Vice-President Vance was more direct: “The bitter irony of America’s present predicament is that the very people who cheer for permanent arms shipments to Ukraine also supported the de-industrialization of America. The very things you want us to send are things we don’t make enough of.”
President Trump was, of course, far more provocative: “We should spend less time worrying about Putin, and more time worrying about migrant rape gangs, drug lords, murderers, and people from mental institutions entering our Country – So that we don’t end up like Europe!”
To be clear, Europe can support Ukraine and itself: it’s just going to be very expensive – and the Americans won’t be paying for Europe anymore.
Indeed, if in 1938 British PM Chamberlain claimed, “Peace for our time”, in 2025 PM Starmer is admitting, “Peace for our dime.” Bloomberg has estimated Europe might have to spend €300bn extra annually in defence spending ahead, but the US is looking to reopen Nord Stream 2, with a former Stasi member driving the deal forwards.
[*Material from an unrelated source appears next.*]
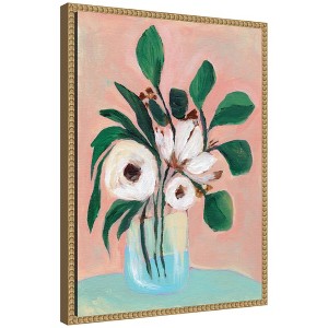 The artwork features a bouquet of white flowers with dark centers and lush green leaves, arranged in a transparent blue vase. The background is a soft, warm pink, creating a soothing and inviting atmosphere. The use of acrylic paints adds texture and depth to the composition. This Kate and Laurel canvas art print was created by Nikita Jariwala and printed by Kate and Laurel in Waunakee WI. This modern floating canvas art is sure to bring joy to your space. Our design team curates art that will fit perfectly in any room of your home. Showcase this art in your living room, bedroom, home office, kitchen, bathroom, nursery, or anywhere you want to bring a little beauty and charm to your walls. Specializing in home decor, we are continually bringing timeless works of art for the traditional decorator as well as trend-forward pieces for that eclectic art lover. Our high-quality framed canvas art also makes excellent gifts for birthdays, holidays, or housewarming parties. Printed on gallery-wrapped canvas and framed with a simple gallery frame this wall art is easy to display on the wall and will match with any decor style. The outside display dimensions are 18 in. w x 24 in. h by 1.6 in. Print Name: "Blush in Bloom"

Given the US would then lose its LNG exports to Europe to cheaper Russian gas, and Europe would lose strategic autonomy vs. Russia, the only geopolitical worlds in which that deal could happen are one where either: 1) the US offers Russia a sphere of influence over all of Europe as quid pro quo for an inverse-Nixon strategy of Russia stepping away from its relationship with China; or 2) Europe walks away from Ukraine and the US and accepts the same de facto deal. To say that these scenarios come with large macro and market side effects is an understatement that those going cross-eyed at the idea of cheaper European energy prices will probably fail to see.
Second, tariffs. Tuesday sees 25% US tariffs on Mexico and Canada kick in, unless changes are made at the last minute, and an additional 10% on China, which seems a given. Notably, Mexico is offering to match the US external tariff against China, as well as buying more US goods, to avoid its own US tariff. US Treasury Secretary Bessent favours this “Fortress America” approach and has asked Canada to join (even as the US is also considering putting tariffs on lumber, which would hit Canada hardest). I flagged exactly this approach as logical economic statecraft from the start.
This is critical not just in terms of macro strategy but regarding ‘grand macro strategy’. If the US presses ahead with 25% tariffs, the White House is aiming at going solo. That means global chaos, and the market impact would be enormous. However, if the US builds a “Fortress America” vs. China, the same umbrella could extend to the UK, Europe, and others, if they agree the same terms. That means global bifurcation, and the market impact would again be huge. Indeed, as trade and defence policy become fused, even South Korea and Japan, despite their historic frictions, say they need to increase their cooperation rapidly: a long-standing US foreign policy goal is perhaps being achieved on that front.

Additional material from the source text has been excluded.